# What to do
Only one stretch of lines is wanted: the line with "Suspension extravagante et" through the final line of the material. Restate it word for word, minus pictures.

# Study material
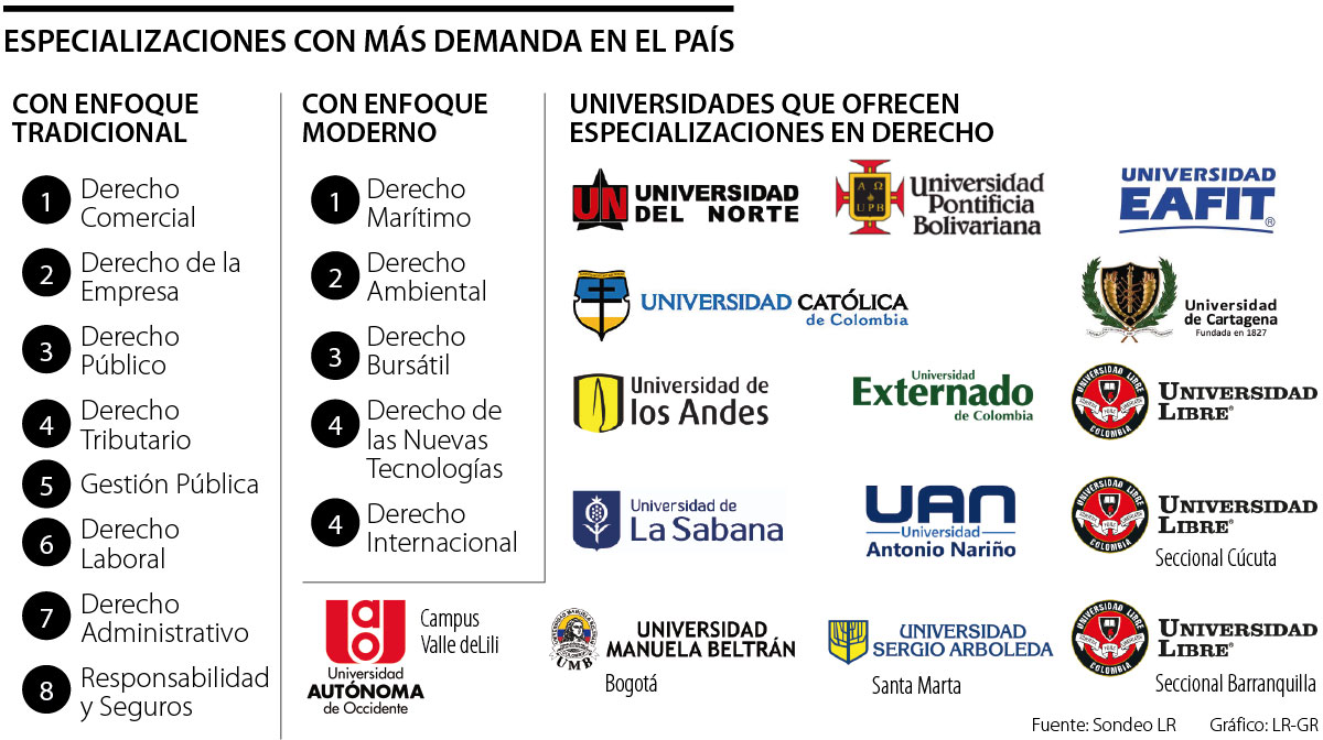 En este último punto, las universidades de Colombia han fortalecido la actual oferta académica ofreciendo posgrados con el objetivo de que un profesional pueda desempeñarse en campos como el derecho territorial y urbanístico, y otros tradicionales como el derecho penal, administrativo, tributario y constitucional. En el caso de la Universidad de Los Andes, esta reconoció las especializaciones en derecho comercial, derecho de la empresa, público, tributario y gestión pública como las más solicitadas de la institución.
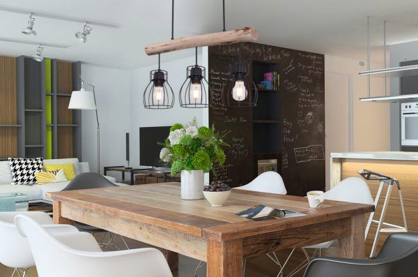 Suspension extravagante et élégante en métal noir qui donne une belle allure dans presque toutes les pièces. Trois douilles sont fixées à une poutre en bois suspendue, qui sont entourées d’un abat-jour rond en forme de grille.
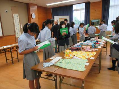 ふれあいサロンでは、地域の皆様も出展いただき、生徒の皆さんに作品の説明をしてくださっていました。手芸に絵画、書写など、どれも力作ぞろいです。すてき!
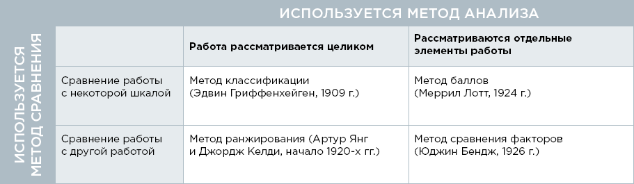 Для оценки сложности работа сравнивается либо с некоторой шкалой, либо с другой работой. При этом работа может рассматриваться целиком или только отдельные ее элементы. В Таблице 17 представлены ведущие методы оценки сложности работы.
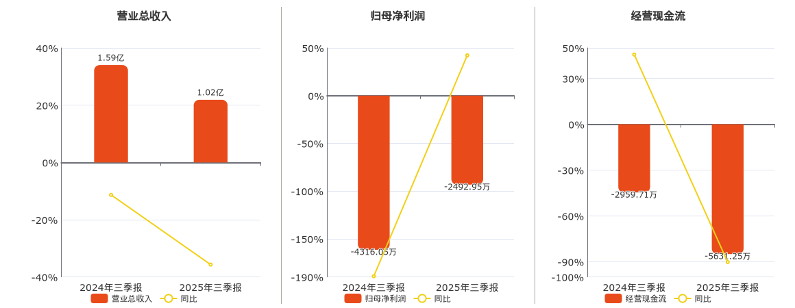 公司营业总收入为1.02亿元,较去年同报告期营业总收入减少5668.12万元,同比较去年同期下降35.68%。归母净利润为-2492.95万元。经营活动现金净流入为-5631.25万元,较去年同报告期经营活动现金净流入减少2671.54万元。
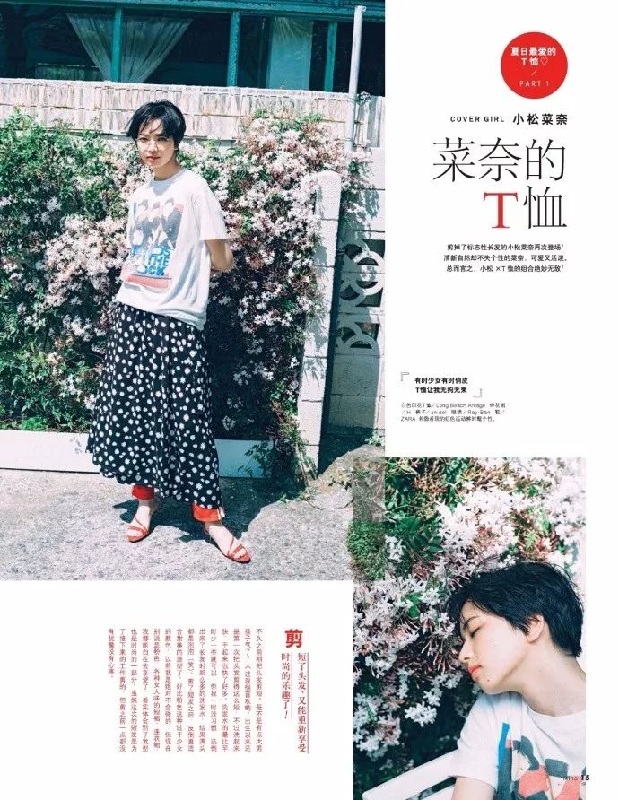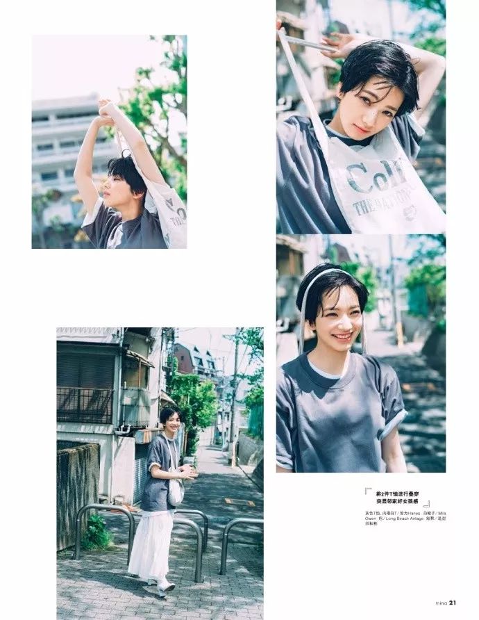 短发的nana特别帅气,简单的单品和巧妙的混搭,让她有了脱胎换骨的变换。T恤作为夏日必备的单品,也能通过叠穿展示多样性。如果嫌短发T恤太男性化,加一件长裙也意外地有可爱的少女感。
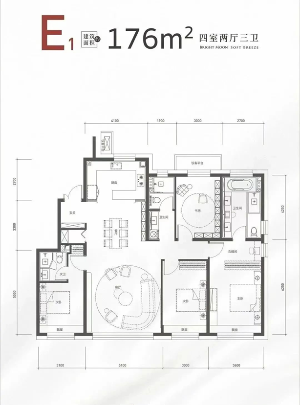 约176㎡的四居大平层:项目的顶配户型,做到了南向四面宽!除客厅外还有三间卧室拥有南向采光,面宽5.1米的超大客厅+落地大窗,视野与采光满分。
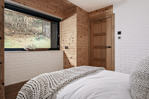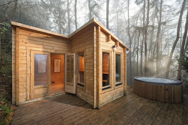Dům s kubistickou siluetou je usazený ve svahu, obložený zinkovým plechem a modřínovým dřevem a obklopený kaskádou venkovních teras. Velké prosklené plochy vpouštějí dovnitř dostatek světla a nechávají ho ve světlém interiéru nabýt na síle, o soukromí se postará okolní hustý porost. Dům není ohraničený žádnou zahradou, neboť tu plně zastupuje okolní les.
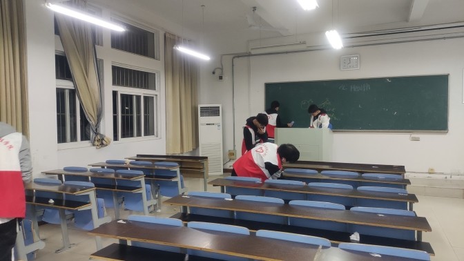 此次志愿服务活动以线上报名方式募集26名志愿者,活动当天志愿者在教学楼B楼大厅集合,负责人划分好服务区域和任务,志愿者们拿好工具纷纷投入到服务中。志愿者们对B、C教学楼的各个教室进行打扫,擦拭桌椅,整理讲台卫生及教室内公共设施的简单维护。

# Solution to this problem
 Suspension extravagante et élégante en métal noir qui donne une belle allure dans presque toutes les pièces. Trois douilles sont fixées à une poutre en bois suspendue, qui sont entourées d’un abat-jour rond en forme de grille.
 ふれあいサロンでは、地域の皆様も出展いただき、生徒の皆さんに作品の説明をしてくださっていました。手芸に絵画、書写など、どれも力作ぞろいです。すてき!
 Для оценки сложности работа сравнивается либо с некоторой шкалой, либо с другой работой. При этом работа может рассматриваться целиком или только отдельные ее элементы. В Таблице 17 представлены ведущие методы оценки сложности работы.
 公司营业总收入为1.02亿元,较去年同报告期营业总收入减少5668.12万元,同比较去年同期下降35.68%。归母净利润为-2492.95万元。经营活动现金净流入为-5631.25万元,较去年同报告期经营活动现金净流入减少2671.54万元。
 短发的nana特别帅气,简单的单品和巧妙的混搭,让她有了脱胎换骨的变换。T恤作为夏日必备的单品,也能通过叠穿展示多样性。如果嫌短发T恤太男性化,加一件长裙也意外地有可爱的少女感。
 约176㎡的四居大平层:项目的顶配户型,做到了南向四面宽!除客厅外还有三间卧室拥有南向采光,面宽5.1米的超大客厅+落地大窗,视野与采光满分。
Dům s kubistickou siluetou je usazený ve svahu, obložený zinkovým plechem a modřínovým dřevem a obklopený kaskádou venkovních teras. Velké prosklené plochy vpouštějí dovnitř dostatek světla a nechávají ho ve světlém interiéru nabýt na síle, o soukromí se postará okolní hustý porost. Dům není ohraničený žádnou zahradou, neboť tu plně zastupuje okolní les.
 此次志愿服务活动以线上报名方式募集26名志愿者,活动当天志愿者在教学楼B楼大厅集合,负责人划分好服务区域和任务,志愿者们拿好工具纷纷投入到服务中。志愿者们对B、C教学楼的各个教室进行打扫,擦拭桌椅,整理讲台卫生及教室内公共设施的简单维护。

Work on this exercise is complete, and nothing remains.